ピアノを演奏するためには、腕全体の動きが必要です。その腕全体の”唯一の土台”の関節が肩甲上腕関節です。そして、肩甲上腕関節は肩甲骨の一部が担います。
つまり、肩甲骨が自在に動ける事は、腕が自在に動けることの必要条件となります。
さて、肩甲骨の本来の仕事を考えてみます。
ダーウィンの進化論を支持するとするならば、我々は四足獣から進化し、二足歩行になったと考えられます。四足獣の前脚の役割は、時には獲物を捕らえるといった事にも使われるかもしれませんが、基本的には「体重を支える役割」を持ちます。お時間がございましたら博物館に行かれて、骨格標本を観察なさってください。多くの四足獣において、肩甲骨は地面に対して垂直の方向にあります。
このことはつまり、地面に対して垂直に位置される肩甲骨は、前脚で体重を支えるのに都合の良い角度にあるといえます。

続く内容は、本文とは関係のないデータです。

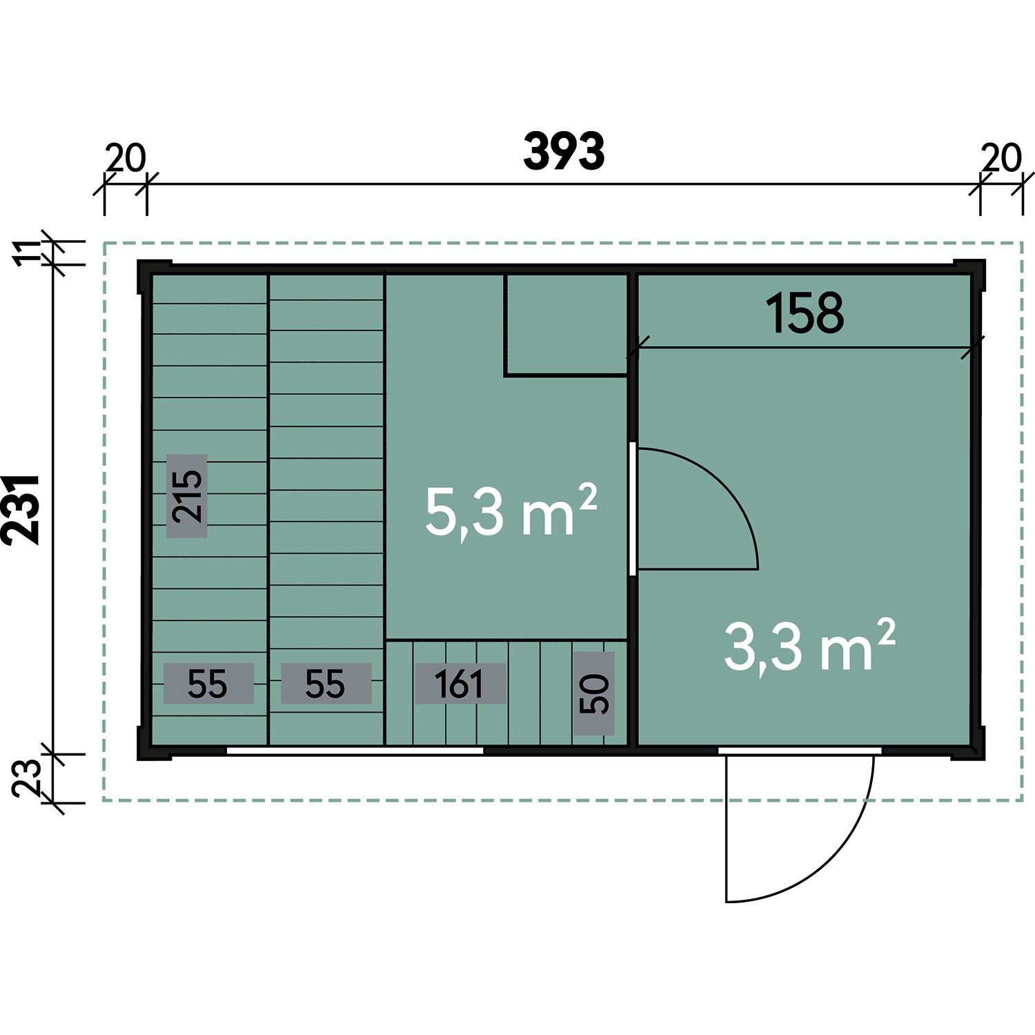• Wandaußenmaß Haus (B x T): 393 x 231 cm
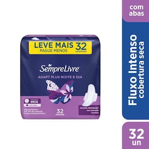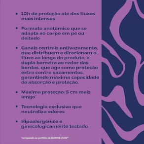 Benefícios e diferenciais - Centro elevado e canais antivazamento que garantem absorção instantânea até dos fluxos mais intensos; - Até 10h de proteção contra vazamentos; - Máxima* proteção: 5cm mais longo (*comparado com o portfólio de SEMPRE LIVRE); - Formato anatômico que se adapta ao corpo em pé ou deitado; - Tecnologia exclusiva que neutraliza odores; - Hipoalergênico e Ginecologicamente Testado; - Ultra suave: 70% de ingredientes de origem natural e livre de fragrância e corante - Cobertura Suave.
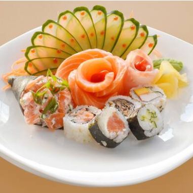 4 sashimi de salmão, 3 sashimi de tilápia, 1 mini temaki patê salmão, 5 sushis variados
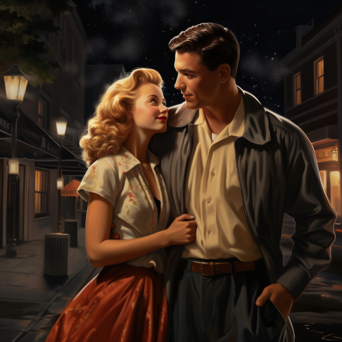 a photorealistic 20th century couple happily walking down a small town street at night
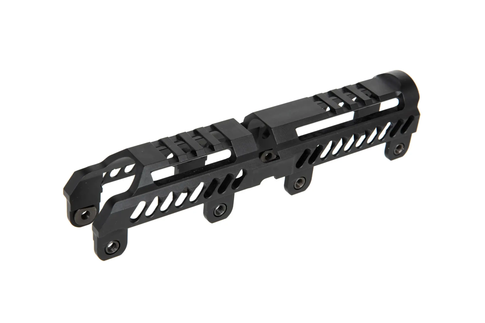 Aluminum gas tube cap provided with two sections of 35mm RIS rails designed for mounting on the handguard of the B-10L. Part of the kit Sport-1 for full-size and intermediate AKs (AKM, AK-74, AK-105, AK-104, etc.).
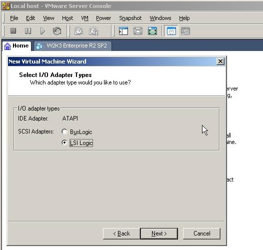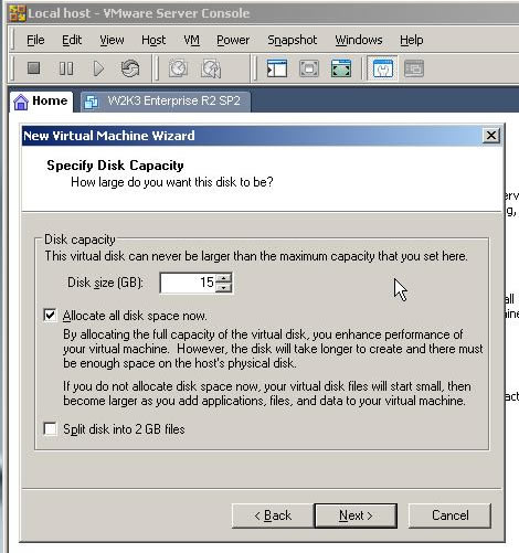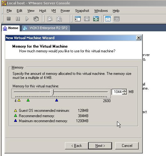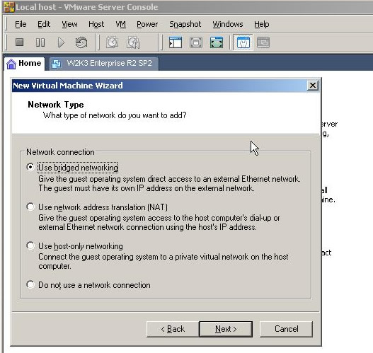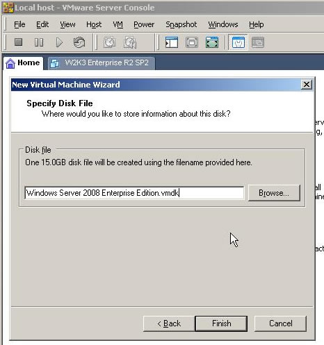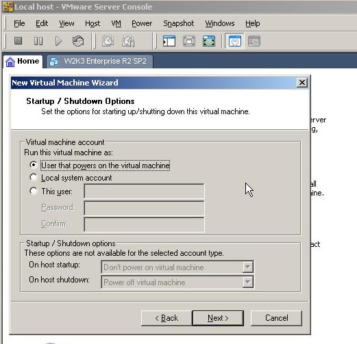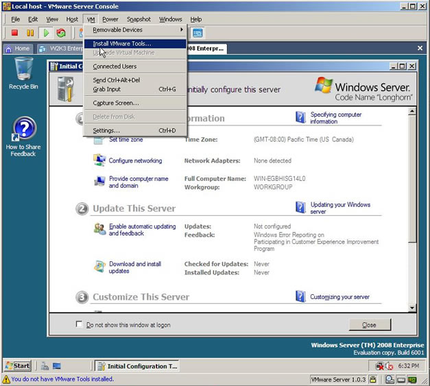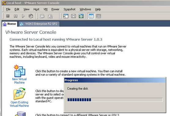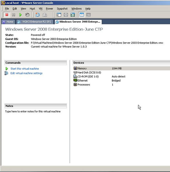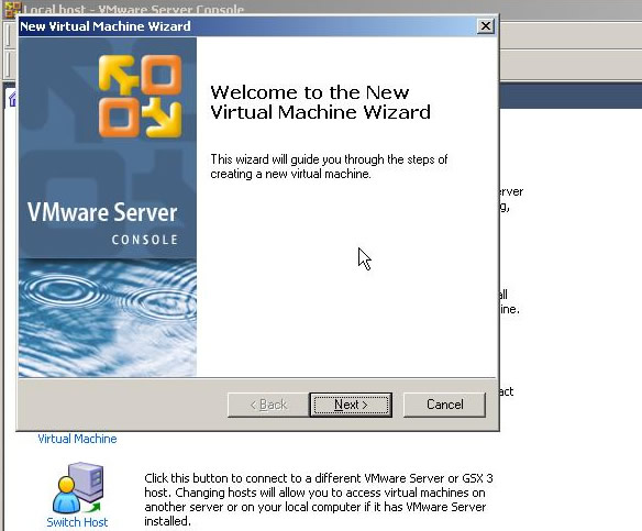 the VMware Server Console on the Host PC. The web interface has a much more limited
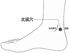 1. 太溪:内侧脚踝尖与脚后背筋(阿基里斯腱)的中间处。
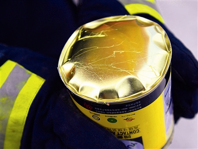 11分05秒,只听到“砰”的一声,箱内一罐万能胶的盖子被炸飞,罐体内的万能胶出现冒泡沸腾的现象。
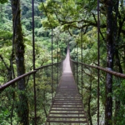ハイキングするのはLa Amistad Friendship International Parkといって、コスタ・リカとパナマにまたがり、両国が共同管理している自然公園だ。渡る吊り橋は全部で6つ。最初の橋の高さは40m、長さは135m。
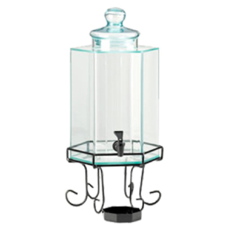 The Cal Mil 1111 Beverage Dispenser is an exceptional dispensing solution, boasting a 2-gallon capacity and dimensions of 10 inches in width, 10 inches in depth, and 22 inches in height. This beverage dispenser features a hexagonal, single beverage chamber design, which is both aesthetically pleasing and functional. It includes an ice chamber to keep beverages refreshingly cool, a secure lid, a user-friendly spigot, and a drip tray to maintain cleanliness and convenience in high-traffic settings. The glass body of this dispenser not only allows for the display of colorful beverages but also ensures durability and ease of cleaning. Supported by a robust black wire base, the design is sturdy and stable, ideal for various commercial and hospitality environments. Importantly, this product is BPA-free, aligning with health-conscious standards and ensuring safe beverage consumption. Its dimensions and design make it suitable for catering events, hotel buffets, or office settings, where both style and functionality are paramount. The Cal Mil 1111 Beverage Dispenser, with its combination of practical features and elegant design, serves as a reliable and attractive option for efficiently serving a variety of beverages in different environments.
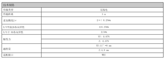 4)WRP60測頭是無線電傳輸觸發式測頭,適用于各種機床。兩個顯著特點一是電池壽命長,二是緊固的結構使它能夠安裝長度達1m的碳纖維加長桿。
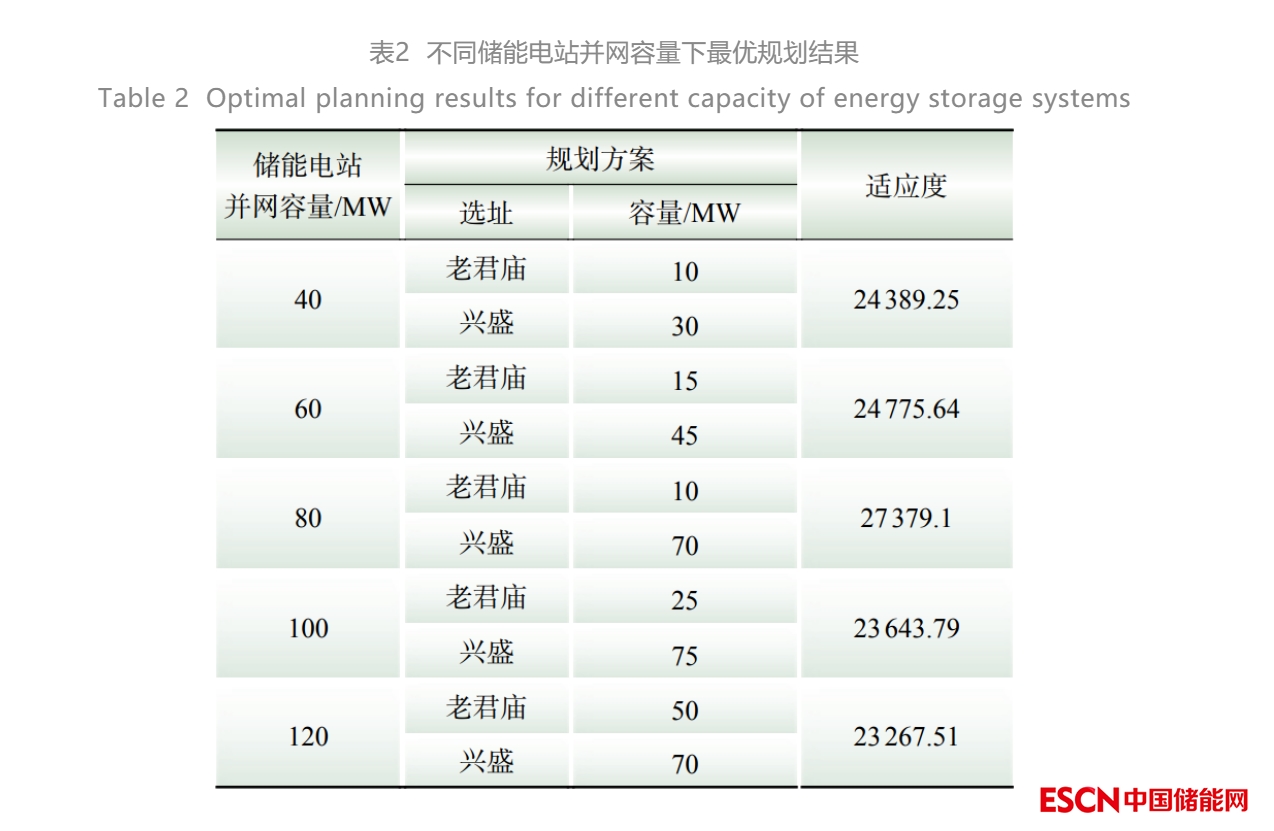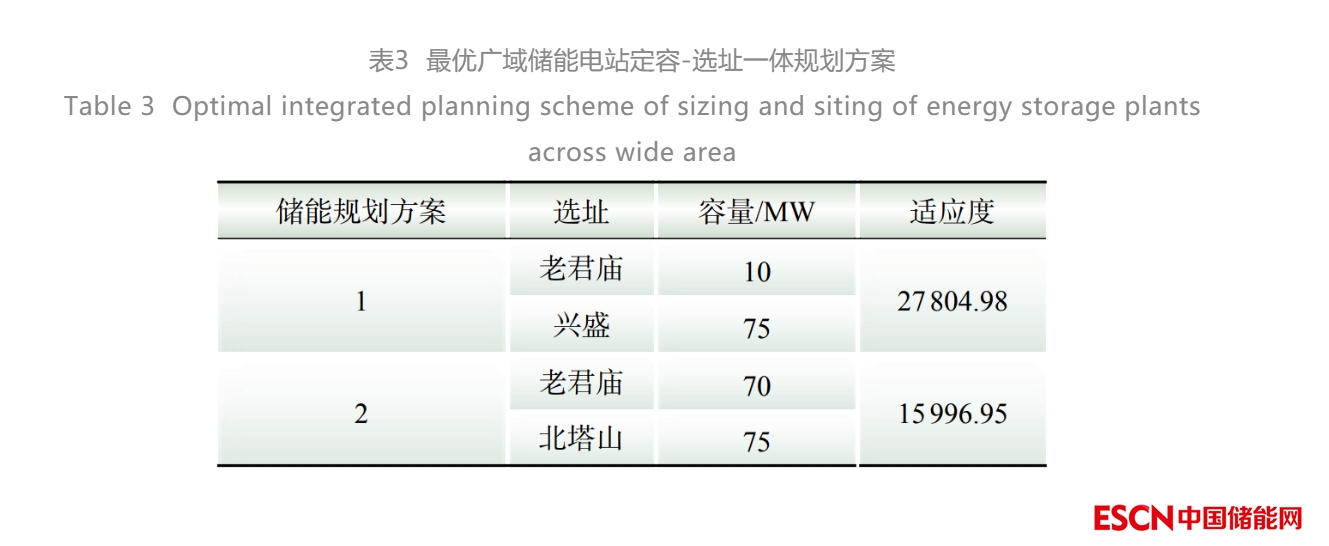 根據(jù)表2中不同儲(chǔ)能并網(wǎng)容量下的方案適應(yīng)度變化趨勢,進(jìn)一步探究準(zhǔn)東地區(qū)最優(yōu)廣域儲(chǔ)能電站選址-定容一體規(guī)劃方案,結(jié)果如表3所示。

しかしながら人間は、二足歩行を選び、前脚=腕で体重を支えることがなくなりました、このため肩甲骨は、地面に対して垂直である必要は無くなりました。
そして日常的に腕で様々な動きを行う中で、肩甲骨が背中の方向へ動くことにより、四足獣に例えるならば、地面と並行の方向に位置するようになりました。水平のほうが、様々な動きをしやすいためだと推測できます。
しかしながら我々の筋肉の形や走行は、地面と垂直の方向に肩甲骨があった四足獣の名残を色濃く残しています。
上記の推測から、「正しい位置でつながるための筋肉の役割は果たしていない」とのご質問の文言からは、具体的に何の筋肉の役割かは読み取れないため、適切な答えを申し上げることは難しいのですが、人間は鎖骨があるからこそ、肋骨の3次元の形状に添わせて肩甲骨を動かすことができるかと存じます。